5. Разработать экспериментальные методы изменения уровня микссплоидии клеточных популяций.

6. Исследовать связь уровня миксоплоидии с репродуктивными признаками} растений: а) завязываемостью семян апозиготическим способом (партеногенез); б) временем вступления растений в фазу цветения; в) формированием различных типов цветоносных побегов растениями ("цветущие", "упрямцы", "холостяки"); г;) вариацией числа цветков в частных соцветиях у свеклы.

Научная новизна. Впервые показано, что инбридинг приводит к повышению уровня миксоплоидии, а гибридизация (свободное опыление) - к ее снижению. Линии склонные к партеногенетическому завязыванию семян (апозиготия) имеют более высокий уровень миксоплоидности клеточных популяций, чем линии, размножающиеся путем перекрестного оплодотворения. Впервые показано, что эпимутаген 5-азацитидин снижает уровень миксоплоидности клеточных популяций у растений сахарной свеклы.

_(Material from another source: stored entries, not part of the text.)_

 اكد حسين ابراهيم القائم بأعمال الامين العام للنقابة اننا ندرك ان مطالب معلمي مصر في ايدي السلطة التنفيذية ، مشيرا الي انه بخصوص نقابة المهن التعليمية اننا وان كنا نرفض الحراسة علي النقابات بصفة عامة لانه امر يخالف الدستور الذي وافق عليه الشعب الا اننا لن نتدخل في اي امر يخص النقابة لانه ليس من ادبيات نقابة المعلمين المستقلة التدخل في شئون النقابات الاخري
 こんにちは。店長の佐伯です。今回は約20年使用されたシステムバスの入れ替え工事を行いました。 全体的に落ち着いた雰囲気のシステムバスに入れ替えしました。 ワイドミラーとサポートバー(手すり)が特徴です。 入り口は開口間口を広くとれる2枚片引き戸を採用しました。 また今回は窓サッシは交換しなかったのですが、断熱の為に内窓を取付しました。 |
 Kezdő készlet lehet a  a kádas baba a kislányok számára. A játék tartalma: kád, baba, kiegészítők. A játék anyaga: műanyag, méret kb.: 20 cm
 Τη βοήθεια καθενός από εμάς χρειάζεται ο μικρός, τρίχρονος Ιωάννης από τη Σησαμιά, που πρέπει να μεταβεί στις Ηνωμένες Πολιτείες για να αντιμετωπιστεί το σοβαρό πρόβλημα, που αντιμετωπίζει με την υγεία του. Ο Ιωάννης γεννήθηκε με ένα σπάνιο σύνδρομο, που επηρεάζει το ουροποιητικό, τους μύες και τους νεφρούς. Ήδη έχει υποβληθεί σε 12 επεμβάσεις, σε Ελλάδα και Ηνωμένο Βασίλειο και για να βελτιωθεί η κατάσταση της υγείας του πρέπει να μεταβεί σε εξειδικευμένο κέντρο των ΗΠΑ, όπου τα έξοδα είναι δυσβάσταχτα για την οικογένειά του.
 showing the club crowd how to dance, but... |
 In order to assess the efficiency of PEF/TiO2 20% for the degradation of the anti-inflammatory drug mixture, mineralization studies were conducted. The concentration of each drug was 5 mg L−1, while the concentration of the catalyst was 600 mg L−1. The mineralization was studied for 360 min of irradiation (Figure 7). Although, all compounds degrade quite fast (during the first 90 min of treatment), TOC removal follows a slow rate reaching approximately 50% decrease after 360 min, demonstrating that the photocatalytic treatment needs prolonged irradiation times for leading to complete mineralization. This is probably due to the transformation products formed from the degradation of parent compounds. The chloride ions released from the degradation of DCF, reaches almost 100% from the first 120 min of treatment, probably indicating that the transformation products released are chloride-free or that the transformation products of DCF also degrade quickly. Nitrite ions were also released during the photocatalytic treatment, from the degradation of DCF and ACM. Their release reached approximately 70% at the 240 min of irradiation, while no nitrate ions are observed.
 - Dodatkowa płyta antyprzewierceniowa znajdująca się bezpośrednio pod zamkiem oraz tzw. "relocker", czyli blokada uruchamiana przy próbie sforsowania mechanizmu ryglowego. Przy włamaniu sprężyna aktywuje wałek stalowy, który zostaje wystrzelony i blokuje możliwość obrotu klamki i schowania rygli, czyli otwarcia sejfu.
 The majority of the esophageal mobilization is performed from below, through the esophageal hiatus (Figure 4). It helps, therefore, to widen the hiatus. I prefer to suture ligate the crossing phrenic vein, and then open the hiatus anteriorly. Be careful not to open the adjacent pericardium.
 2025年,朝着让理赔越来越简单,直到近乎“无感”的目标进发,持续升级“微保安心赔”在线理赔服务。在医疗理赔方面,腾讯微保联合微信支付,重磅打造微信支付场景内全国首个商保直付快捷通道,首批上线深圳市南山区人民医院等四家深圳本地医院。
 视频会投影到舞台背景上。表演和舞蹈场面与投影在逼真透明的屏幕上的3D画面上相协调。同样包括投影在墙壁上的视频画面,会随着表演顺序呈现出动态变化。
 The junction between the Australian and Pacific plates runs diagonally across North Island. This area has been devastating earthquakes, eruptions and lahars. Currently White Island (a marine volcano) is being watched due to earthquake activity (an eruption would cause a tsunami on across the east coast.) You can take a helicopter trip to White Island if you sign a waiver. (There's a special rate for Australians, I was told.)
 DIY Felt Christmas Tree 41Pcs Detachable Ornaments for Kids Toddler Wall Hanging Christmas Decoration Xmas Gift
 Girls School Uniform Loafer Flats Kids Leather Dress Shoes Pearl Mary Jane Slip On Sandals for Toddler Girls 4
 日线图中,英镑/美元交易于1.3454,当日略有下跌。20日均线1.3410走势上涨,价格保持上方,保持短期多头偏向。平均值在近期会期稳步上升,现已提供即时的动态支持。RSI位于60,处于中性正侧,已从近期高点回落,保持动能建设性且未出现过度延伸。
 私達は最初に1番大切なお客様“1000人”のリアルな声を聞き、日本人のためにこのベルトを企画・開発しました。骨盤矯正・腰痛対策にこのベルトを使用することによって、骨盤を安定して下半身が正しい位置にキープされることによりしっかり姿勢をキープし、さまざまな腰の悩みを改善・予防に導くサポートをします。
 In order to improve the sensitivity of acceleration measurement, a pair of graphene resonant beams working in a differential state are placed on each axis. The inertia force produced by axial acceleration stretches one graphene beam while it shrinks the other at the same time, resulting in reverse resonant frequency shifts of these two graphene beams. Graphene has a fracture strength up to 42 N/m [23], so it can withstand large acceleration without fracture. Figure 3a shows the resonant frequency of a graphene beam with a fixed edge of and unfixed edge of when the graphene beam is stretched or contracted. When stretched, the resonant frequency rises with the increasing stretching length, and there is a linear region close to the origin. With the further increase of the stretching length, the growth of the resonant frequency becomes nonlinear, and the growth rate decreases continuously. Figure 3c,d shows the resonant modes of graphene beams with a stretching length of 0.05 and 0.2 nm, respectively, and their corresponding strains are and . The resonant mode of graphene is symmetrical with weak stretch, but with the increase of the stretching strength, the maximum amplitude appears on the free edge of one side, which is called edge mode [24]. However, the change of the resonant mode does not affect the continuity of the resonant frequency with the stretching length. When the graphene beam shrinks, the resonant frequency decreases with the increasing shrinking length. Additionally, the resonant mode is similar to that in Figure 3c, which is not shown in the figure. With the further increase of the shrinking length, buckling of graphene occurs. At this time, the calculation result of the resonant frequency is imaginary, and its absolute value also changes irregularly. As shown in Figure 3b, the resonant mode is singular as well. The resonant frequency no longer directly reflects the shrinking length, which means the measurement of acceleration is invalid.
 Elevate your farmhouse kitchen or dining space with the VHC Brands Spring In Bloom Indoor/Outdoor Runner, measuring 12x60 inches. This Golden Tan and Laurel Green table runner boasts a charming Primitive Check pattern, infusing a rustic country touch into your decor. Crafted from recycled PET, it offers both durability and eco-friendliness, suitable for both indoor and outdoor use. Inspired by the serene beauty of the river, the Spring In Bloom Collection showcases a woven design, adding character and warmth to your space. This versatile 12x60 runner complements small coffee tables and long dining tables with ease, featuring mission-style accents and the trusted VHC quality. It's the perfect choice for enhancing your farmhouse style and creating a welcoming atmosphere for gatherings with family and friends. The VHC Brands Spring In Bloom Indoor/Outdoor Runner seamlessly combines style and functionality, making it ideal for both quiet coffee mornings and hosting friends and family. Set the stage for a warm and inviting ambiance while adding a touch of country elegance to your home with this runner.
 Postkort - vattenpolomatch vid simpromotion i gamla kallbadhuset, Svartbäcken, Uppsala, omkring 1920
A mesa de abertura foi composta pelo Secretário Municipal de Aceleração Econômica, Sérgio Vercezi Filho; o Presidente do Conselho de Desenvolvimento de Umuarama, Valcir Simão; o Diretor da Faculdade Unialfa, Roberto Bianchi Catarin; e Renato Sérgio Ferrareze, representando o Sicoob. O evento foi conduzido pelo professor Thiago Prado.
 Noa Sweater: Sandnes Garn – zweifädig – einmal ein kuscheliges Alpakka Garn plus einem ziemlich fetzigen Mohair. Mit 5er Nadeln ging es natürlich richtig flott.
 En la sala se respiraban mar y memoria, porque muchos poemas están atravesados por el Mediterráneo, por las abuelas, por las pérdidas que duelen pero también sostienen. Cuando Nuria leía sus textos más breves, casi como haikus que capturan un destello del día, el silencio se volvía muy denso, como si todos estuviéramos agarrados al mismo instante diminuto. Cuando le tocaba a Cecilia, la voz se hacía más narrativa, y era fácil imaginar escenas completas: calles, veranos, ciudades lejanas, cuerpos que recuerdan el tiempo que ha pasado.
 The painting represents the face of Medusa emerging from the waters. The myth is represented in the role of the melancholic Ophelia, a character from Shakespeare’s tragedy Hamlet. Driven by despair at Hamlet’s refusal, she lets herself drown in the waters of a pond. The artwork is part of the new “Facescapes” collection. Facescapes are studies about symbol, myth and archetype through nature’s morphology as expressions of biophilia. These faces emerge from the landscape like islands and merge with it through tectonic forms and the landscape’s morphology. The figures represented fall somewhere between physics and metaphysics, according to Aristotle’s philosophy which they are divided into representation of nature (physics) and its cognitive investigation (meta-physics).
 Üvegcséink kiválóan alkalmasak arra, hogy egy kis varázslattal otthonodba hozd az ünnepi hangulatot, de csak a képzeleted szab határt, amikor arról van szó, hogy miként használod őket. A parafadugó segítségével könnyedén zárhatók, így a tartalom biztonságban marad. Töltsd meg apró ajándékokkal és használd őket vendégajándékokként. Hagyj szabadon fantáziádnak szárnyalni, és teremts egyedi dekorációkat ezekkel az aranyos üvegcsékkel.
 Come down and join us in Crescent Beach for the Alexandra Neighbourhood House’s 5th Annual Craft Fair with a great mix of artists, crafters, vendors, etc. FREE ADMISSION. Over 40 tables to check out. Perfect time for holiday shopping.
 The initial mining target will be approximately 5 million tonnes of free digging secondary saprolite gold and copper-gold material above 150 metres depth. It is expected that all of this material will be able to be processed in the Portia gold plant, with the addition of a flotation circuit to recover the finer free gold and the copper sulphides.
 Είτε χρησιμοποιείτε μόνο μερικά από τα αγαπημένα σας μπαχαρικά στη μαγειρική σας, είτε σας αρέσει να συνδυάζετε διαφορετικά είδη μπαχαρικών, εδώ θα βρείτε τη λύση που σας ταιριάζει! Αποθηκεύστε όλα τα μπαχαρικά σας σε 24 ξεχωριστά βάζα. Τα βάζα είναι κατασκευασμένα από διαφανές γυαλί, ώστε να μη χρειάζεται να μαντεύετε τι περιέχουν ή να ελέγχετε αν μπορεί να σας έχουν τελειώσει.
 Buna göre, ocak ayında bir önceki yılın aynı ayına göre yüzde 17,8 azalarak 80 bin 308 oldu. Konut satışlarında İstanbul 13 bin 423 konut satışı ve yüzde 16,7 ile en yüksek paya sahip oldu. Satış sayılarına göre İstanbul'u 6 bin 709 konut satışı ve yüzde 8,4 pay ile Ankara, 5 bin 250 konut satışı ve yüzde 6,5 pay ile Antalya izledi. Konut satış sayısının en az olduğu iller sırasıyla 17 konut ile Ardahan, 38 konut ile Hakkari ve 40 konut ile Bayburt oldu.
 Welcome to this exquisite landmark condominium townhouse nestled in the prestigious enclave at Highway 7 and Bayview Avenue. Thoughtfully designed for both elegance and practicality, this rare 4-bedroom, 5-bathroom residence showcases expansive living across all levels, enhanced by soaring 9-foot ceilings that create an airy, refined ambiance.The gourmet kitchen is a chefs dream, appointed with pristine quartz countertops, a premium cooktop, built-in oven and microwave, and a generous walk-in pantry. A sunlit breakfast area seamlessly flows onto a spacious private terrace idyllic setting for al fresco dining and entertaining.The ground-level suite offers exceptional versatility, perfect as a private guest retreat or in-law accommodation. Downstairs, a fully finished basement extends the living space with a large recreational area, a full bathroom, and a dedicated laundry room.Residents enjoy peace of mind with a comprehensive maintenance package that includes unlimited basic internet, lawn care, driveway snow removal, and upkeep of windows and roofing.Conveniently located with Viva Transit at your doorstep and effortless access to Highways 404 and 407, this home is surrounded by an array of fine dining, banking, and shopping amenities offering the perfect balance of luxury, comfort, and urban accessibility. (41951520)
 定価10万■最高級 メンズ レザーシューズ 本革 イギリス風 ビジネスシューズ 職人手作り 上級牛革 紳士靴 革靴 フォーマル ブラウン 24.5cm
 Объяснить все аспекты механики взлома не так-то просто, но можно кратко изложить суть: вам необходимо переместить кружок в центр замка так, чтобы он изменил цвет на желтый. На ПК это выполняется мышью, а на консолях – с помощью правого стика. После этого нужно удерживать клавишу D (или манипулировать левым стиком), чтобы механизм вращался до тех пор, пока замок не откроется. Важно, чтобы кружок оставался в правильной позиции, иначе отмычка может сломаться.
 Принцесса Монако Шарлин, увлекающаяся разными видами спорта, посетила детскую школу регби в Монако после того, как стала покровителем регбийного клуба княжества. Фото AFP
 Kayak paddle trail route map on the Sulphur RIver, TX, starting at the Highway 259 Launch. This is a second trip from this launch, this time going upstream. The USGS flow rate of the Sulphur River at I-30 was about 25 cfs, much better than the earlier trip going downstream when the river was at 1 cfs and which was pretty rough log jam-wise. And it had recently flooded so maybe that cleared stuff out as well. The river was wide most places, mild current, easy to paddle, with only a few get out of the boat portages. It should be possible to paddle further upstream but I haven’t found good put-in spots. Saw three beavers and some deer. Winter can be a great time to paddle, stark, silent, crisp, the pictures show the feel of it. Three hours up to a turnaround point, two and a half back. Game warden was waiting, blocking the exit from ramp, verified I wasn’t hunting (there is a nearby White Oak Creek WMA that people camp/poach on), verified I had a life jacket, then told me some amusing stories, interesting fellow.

Практическая ценность. В работе показана связь признаков клеточного уровня с репродуктивными признаками растений. Разработан метод повышения доли гамет с соматическим числом хромосом. Экспериментально повышая миксоплоидность клеточных популяций можно получать растения, формирующие 2п гаметы с достаточно высокой частотой. Предложены различные способы изучения миксоплоидии. В работе также показана связь эпигенетической изменчивости, миксоплоидии с репродуктивными признаками растений: длительность периода вегетации, время вступления растения в фазу цветения и склонность растений к партеногенетическому формированию семян (апозиготия).

Апробация работы. Результаты работы докладывались на российских и международных конференциях: научно-практической конференции, посвященной 100-летию со дня рождения А.Л. Мазлумова, Рамонь, 1996; XXXVI Международной научной студенческой конференции, Новосибирск, 1998; 2-м съезде ВОГиС, Санкт-Петербург, 2000; Mendel Centenary Congress, Brno, 2000; XVIIth International Congress on Sexual plant reproduction, Lublin, 2003.

Публикации. По материалам диссертации опубликовано 13 печатных работ.

Структура и объем работы. Диссертация состоит из следующих разделов: Введение, Обзор литературы, Материалы и методы, Результаты, Обсуждение, Выводы. Работа изложена на 108 старницах машинописного текста и содержит 14| таблиц, 17 рисунков, 5 фотографий, 12 приложений. Библиографический указатель включает 125 источников.

Заключение Диссертация по теме "Генетика", Юданова, Софья Станиславовна

Выводы

Из представленных данных можно сделать следующие выводы:

1. Показано, что у диплоидных форм сахарной свеклы наблюдается широкая вариабельность по массе ДНК на ядро. Изменчивость прослеживается на разных стадиях клеточного цикла, а диапазон изменчивости зависит от исходного материала. В ходе митотического деления распределение ДНК между дочерними ядрами происходит не всегда правильно и равномерно.

2. Показано, что в клеточных популяциях сахарной свеклы имеет место многоядерность клеток. Доля одноядерных клеток варьировала от 60,7% и до 94,8%; двуядерных - от 4,9% до 34,9%; многоядерных - от 0 до 3,2% (3-6 ядер на клетку). Показано, что исследуемым материалам присущ также разный уровень миксоплоидии. Доля диплоидной фракции клеток варьировала от 54% до 78%, гаплоидной - от 6% до 30%, триплоидной - от 1% до 30%, тетраплоидной - от 2% до 12%.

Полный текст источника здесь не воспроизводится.